• Exercise description
Copy exactly the lines from the start of the material through the line with "Reproducible in all". Pictures stay out of the copy.

• Source material
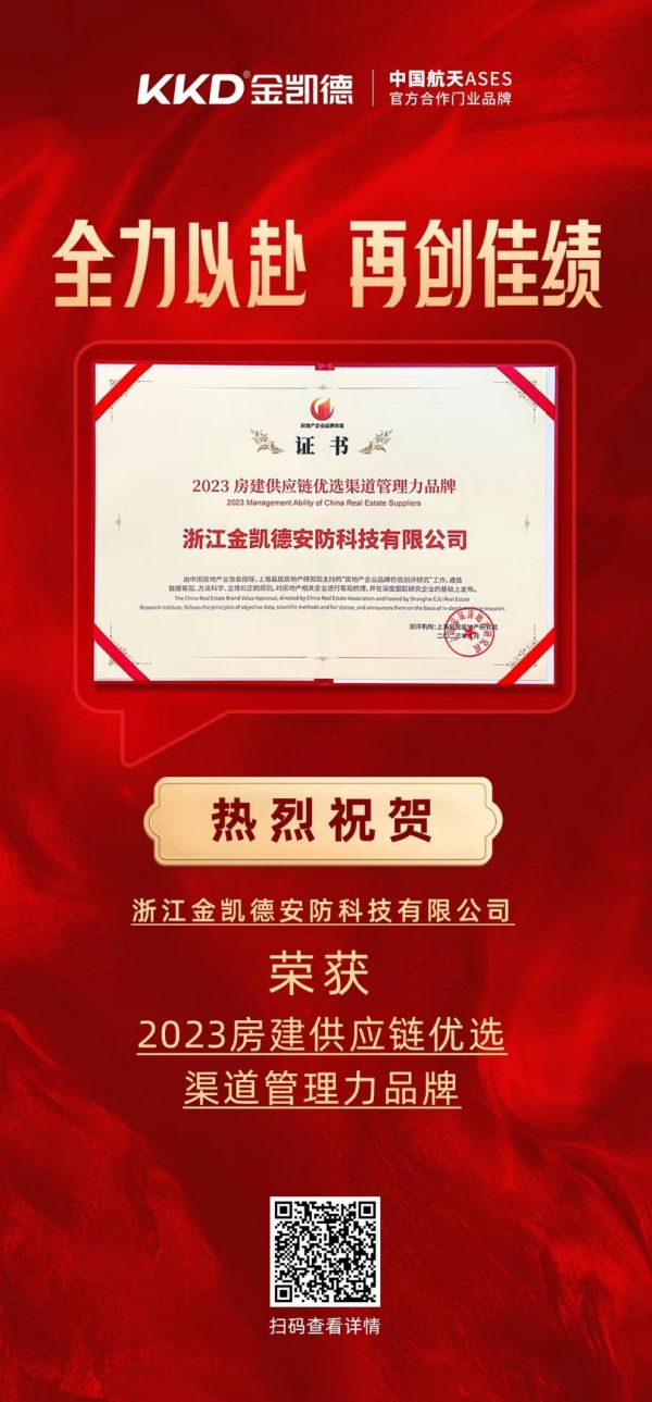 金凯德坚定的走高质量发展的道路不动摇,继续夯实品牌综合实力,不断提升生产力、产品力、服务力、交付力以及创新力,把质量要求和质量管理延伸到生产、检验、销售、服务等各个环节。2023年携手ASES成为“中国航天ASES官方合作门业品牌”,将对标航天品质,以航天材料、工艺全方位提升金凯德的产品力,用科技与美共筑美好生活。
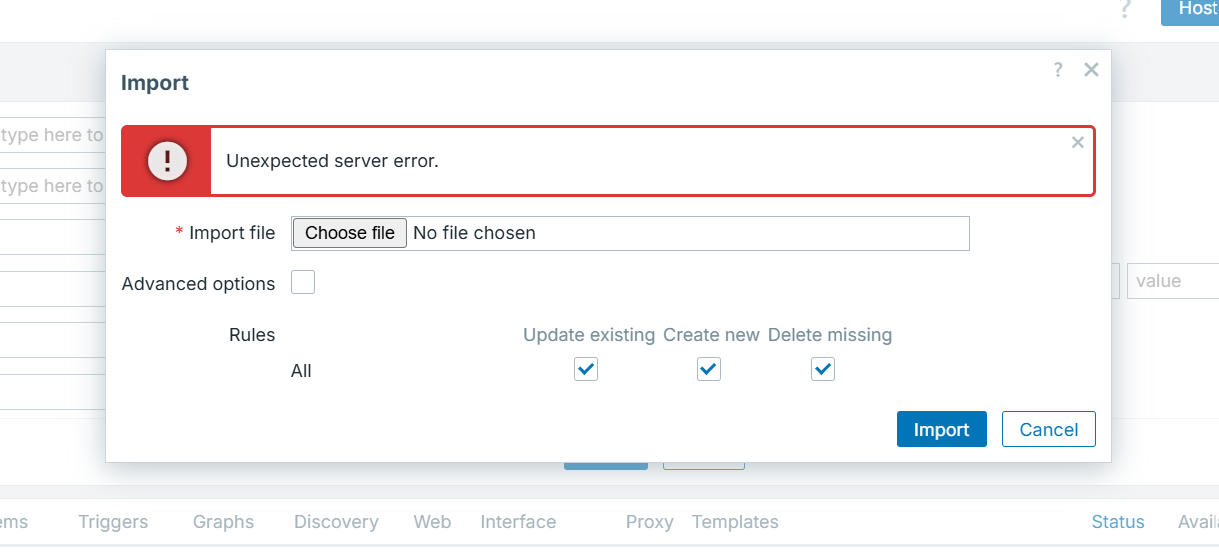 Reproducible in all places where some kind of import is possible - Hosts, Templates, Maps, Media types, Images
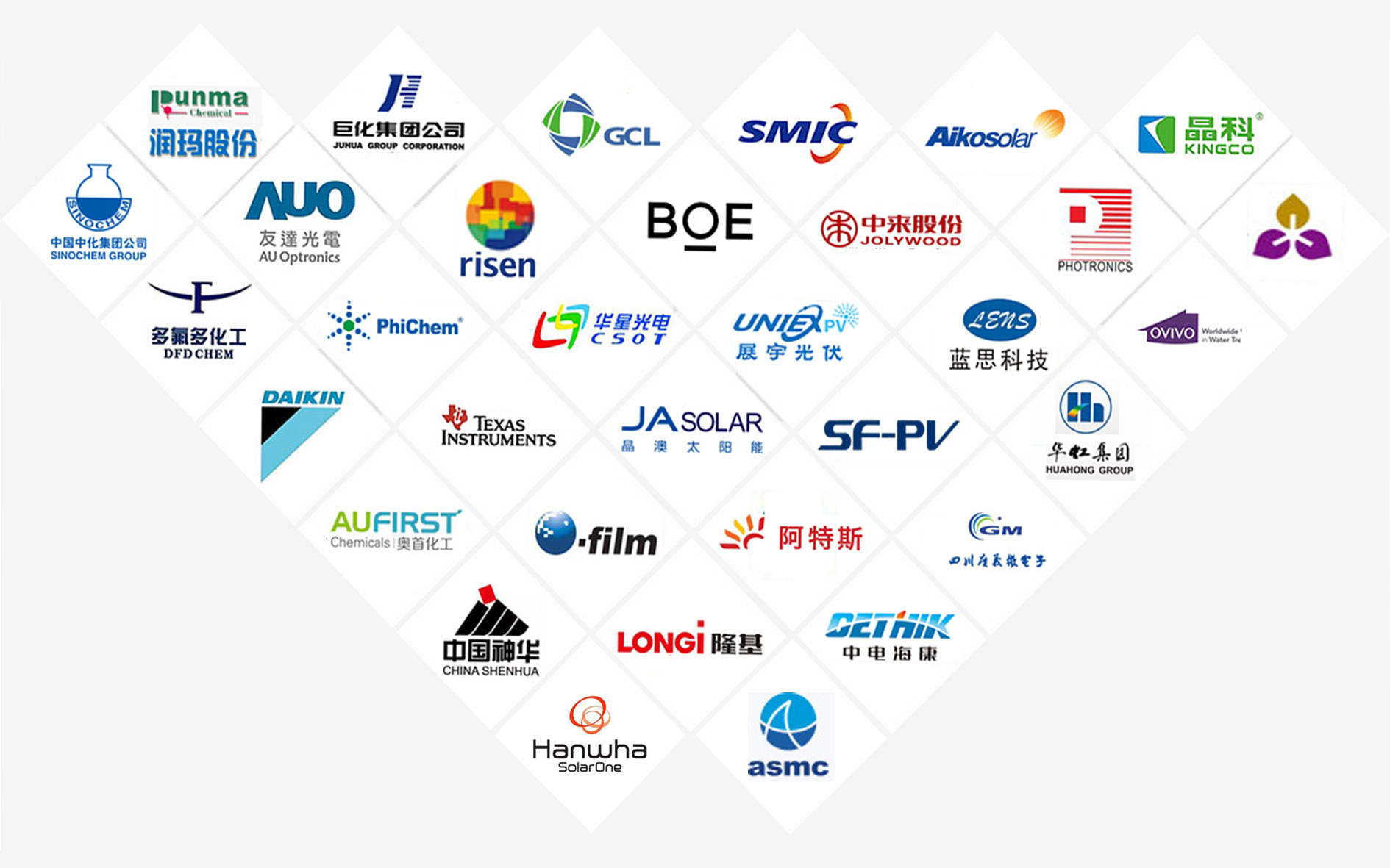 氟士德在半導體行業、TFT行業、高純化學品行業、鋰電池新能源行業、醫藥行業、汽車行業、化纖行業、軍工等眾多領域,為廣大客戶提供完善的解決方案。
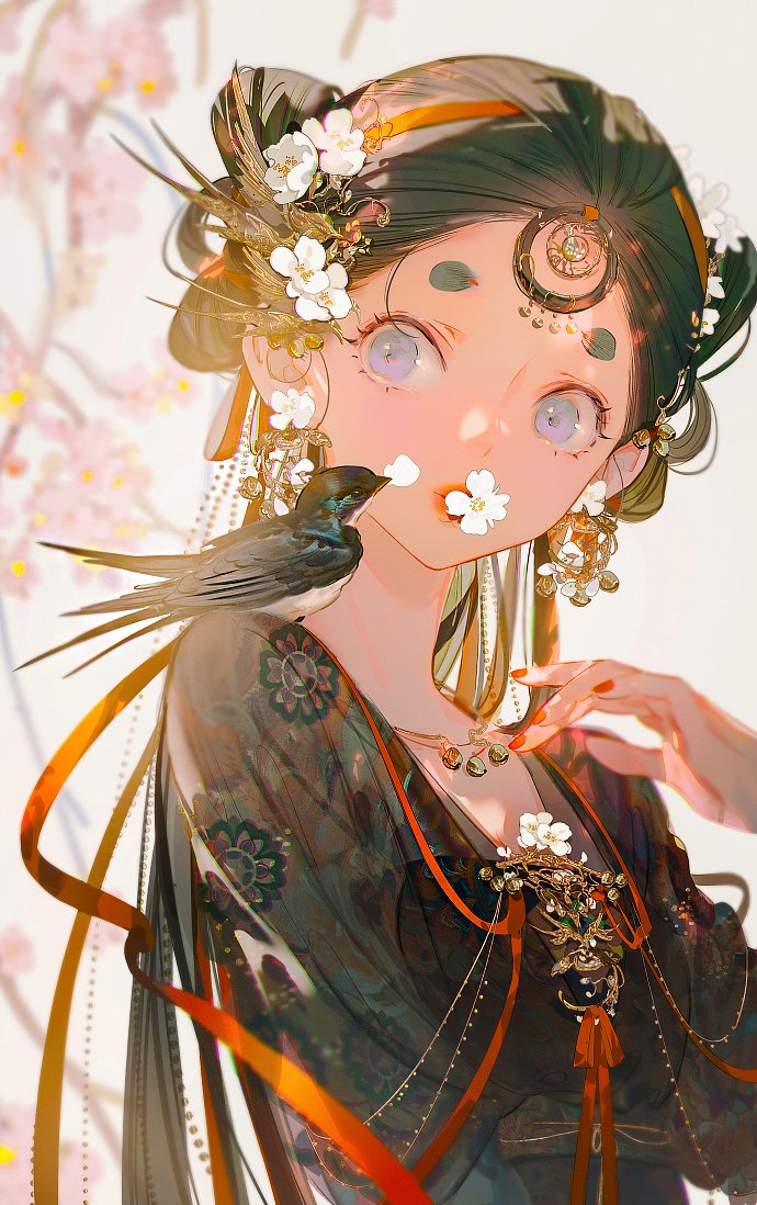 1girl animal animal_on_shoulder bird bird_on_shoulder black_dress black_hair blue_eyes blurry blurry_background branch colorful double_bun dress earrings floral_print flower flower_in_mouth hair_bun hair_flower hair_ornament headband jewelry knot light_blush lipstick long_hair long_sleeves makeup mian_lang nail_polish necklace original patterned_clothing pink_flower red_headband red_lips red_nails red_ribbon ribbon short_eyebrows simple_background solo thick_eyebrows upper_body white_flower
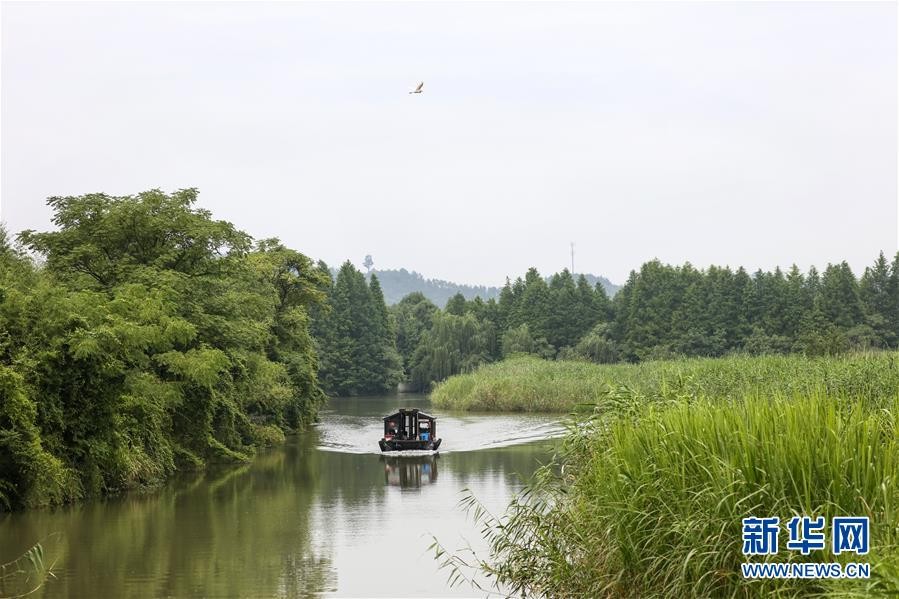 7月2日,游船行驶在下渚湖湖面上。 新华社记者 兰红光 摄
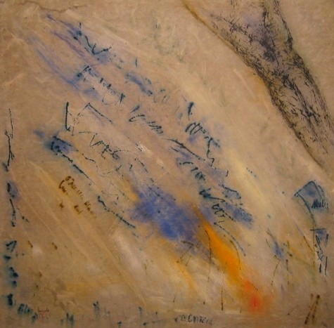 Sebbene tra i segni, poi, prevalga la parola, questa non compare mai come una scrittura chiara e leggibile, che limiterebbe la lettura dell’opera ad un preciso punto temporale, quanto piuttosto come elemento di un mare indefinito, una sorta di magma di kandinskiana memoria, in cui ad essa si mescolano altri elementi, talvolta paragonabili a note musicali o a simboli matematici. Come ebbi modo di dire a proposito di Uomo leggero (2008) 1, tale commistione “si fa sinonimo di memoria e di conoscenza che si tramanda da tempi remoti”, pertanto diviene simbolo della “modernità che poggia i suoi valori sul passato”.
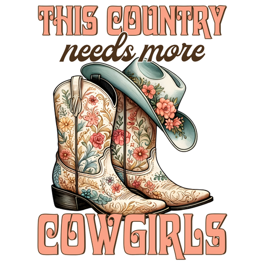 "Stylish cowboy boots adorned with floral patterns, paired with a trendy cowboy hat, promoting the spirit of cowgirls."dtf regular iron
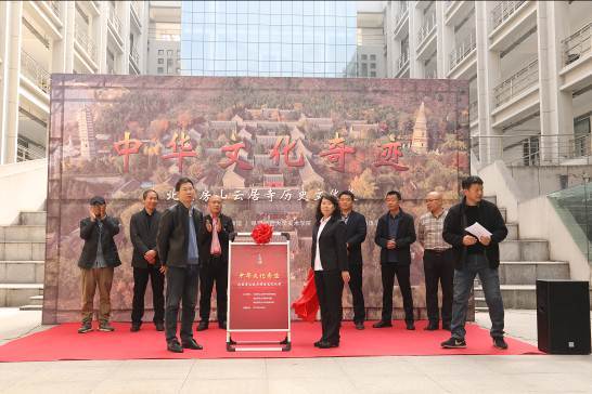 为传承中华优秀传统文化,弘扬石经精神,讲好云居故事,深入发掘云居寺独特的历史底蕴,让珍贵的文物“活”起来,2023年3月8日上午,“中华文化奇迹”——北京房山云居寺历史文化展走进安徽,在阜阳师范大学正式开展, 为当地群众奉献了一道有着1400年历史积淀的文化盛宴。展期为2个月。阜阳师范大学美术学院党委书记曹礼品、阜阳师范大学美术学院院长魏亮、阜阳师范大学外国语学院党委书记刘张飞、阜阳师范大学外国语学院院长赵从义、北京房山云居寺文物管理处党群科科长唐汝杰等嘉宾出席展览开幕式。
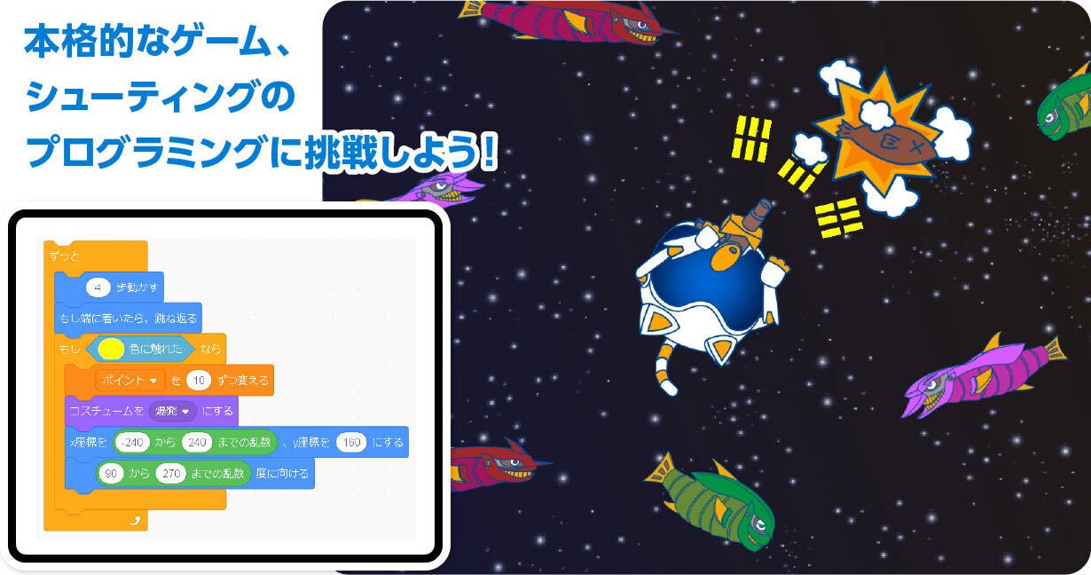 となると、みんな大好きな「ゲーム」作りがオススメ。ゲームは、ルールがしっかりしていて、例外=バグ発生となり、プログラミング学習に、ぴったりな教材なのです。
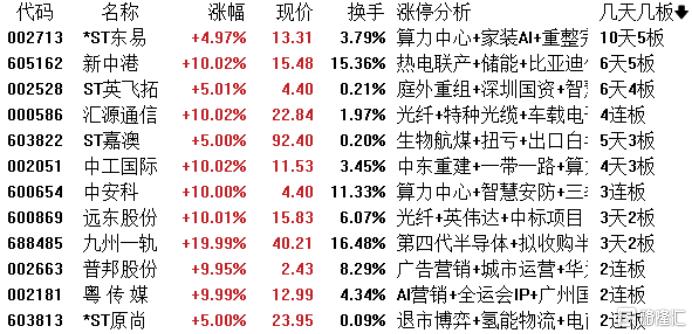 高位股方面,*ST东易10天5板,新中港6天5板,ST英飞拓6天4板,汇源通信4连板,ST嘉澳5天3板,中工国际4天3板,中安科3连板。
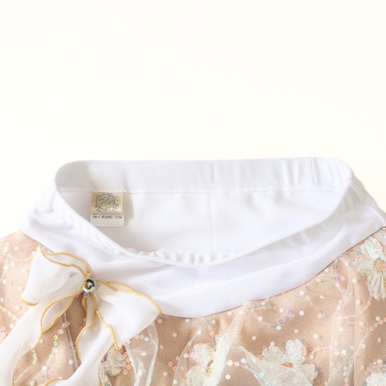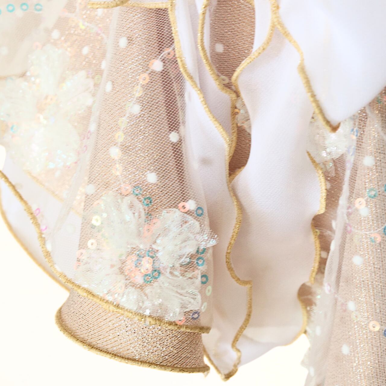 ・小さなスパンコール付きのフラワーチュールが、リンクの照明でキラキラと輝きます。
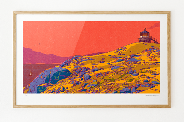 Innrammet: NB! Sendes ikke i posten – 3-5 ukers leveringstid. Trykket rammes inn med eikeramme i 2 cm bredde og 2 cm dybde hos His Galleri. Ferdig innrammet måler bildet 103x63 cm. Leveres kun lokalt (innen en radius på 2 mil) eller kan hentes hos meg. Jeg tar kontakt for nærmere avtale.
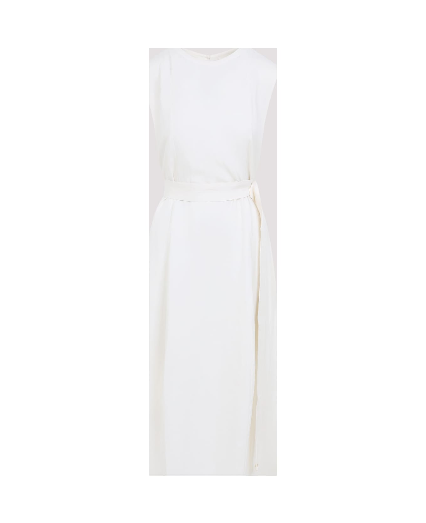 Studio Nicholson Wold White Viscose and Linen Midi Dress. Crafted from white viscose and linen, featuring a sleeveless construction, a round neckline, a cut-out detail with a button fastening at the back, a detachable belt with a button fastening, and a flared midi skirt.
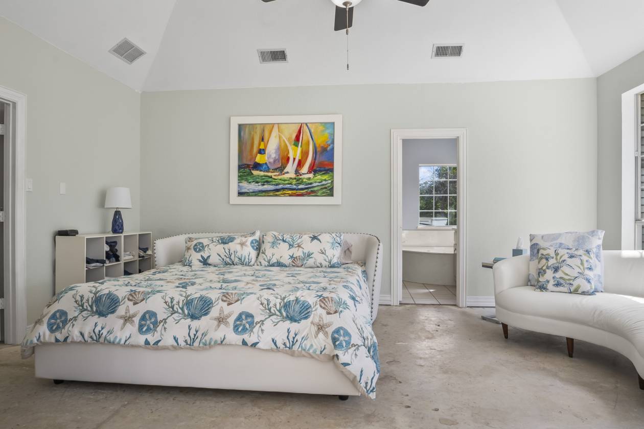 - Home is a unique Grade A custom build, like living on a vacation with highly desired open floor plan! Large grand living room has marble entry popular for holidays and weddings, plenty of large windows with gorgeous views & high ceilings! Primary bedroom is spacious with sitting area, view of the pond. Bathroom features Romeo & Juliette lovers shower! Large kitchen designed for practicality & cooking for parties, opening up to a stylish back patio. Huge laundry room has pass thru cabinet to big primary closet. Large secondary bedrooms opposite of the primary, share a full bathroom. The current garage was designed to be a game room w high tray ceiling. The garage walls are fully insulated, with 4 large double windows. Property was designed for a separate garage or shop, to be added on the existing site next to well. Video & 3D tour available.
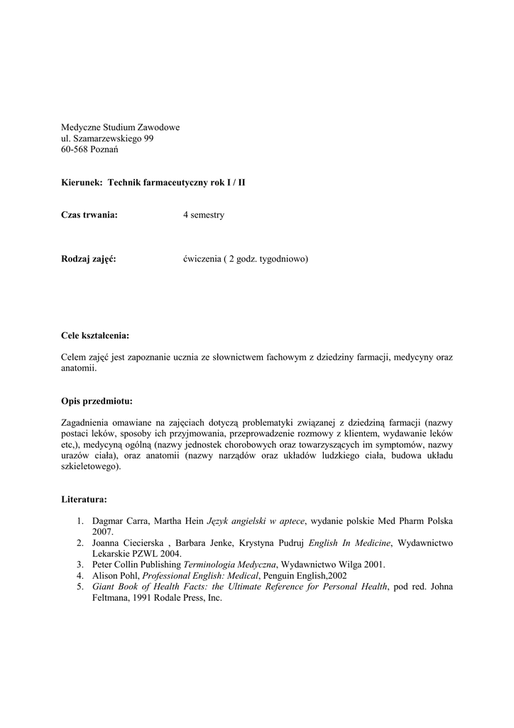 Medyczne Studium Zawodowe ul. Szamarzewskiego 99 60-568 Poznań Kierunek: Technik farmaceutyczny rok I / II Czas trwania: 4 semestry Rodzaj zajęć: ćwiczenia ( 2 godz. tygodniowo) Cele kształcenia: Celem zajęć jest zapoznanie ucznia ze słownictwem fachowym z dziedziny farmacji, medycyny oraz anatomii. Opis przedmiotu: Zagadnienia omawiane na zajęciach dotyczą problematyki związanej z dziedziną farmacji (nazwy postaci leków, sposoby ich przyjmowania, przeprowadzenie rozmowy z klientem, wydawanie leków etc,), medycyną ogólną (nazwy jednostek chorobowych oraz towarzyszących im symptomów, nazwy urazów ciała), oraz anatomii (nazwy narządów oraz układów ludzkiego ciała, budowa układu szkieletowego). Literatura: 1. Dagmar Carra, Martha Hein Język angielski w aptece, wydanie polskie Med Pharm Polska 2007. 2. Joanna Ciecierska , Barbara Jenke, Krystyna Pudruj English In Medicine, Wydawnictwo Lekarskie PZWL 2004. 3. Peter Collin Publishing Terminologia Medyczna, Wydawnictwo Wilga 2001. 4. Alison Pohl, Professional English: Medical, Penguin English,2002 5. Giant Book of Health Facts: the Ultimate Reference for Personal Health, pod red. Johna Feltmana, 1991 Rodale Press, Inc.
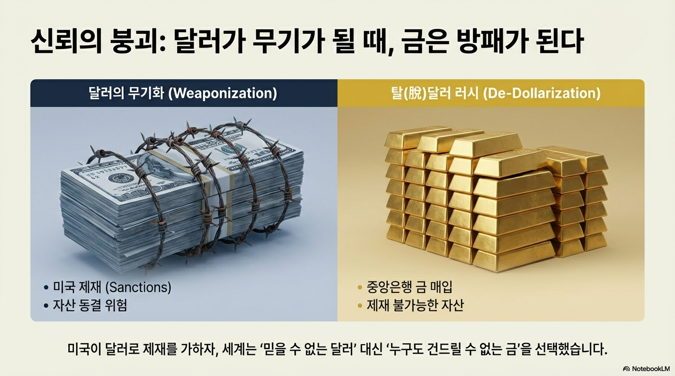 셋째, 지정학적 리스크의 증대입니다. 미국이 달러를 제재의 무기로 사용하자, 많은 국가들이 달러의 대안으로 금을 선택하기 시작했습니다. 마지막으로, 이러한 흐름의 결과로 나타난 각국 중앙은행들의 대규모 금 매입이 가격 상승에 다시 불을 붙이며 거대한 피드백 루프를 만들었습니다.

• Response area
 金凯德坚定的走高质量发展的道路不动摇,继续夯实品牌综合实力,不断提升生产力、产品力、服务力、交付力以及创新力,把质量要求和质量管理延伸到生产、检验、销售、服务等各个环节。2023年携手ASES成为“中国航天ASES官方合作门业品牌”,将对标航天品质,以航天材料、工艺全方位提升金凯德的产品力,用科技与美共筑美好生活。
 Reproducible in all places where some kind of import is possible - Hosts, Templates, Maps, Media types, Images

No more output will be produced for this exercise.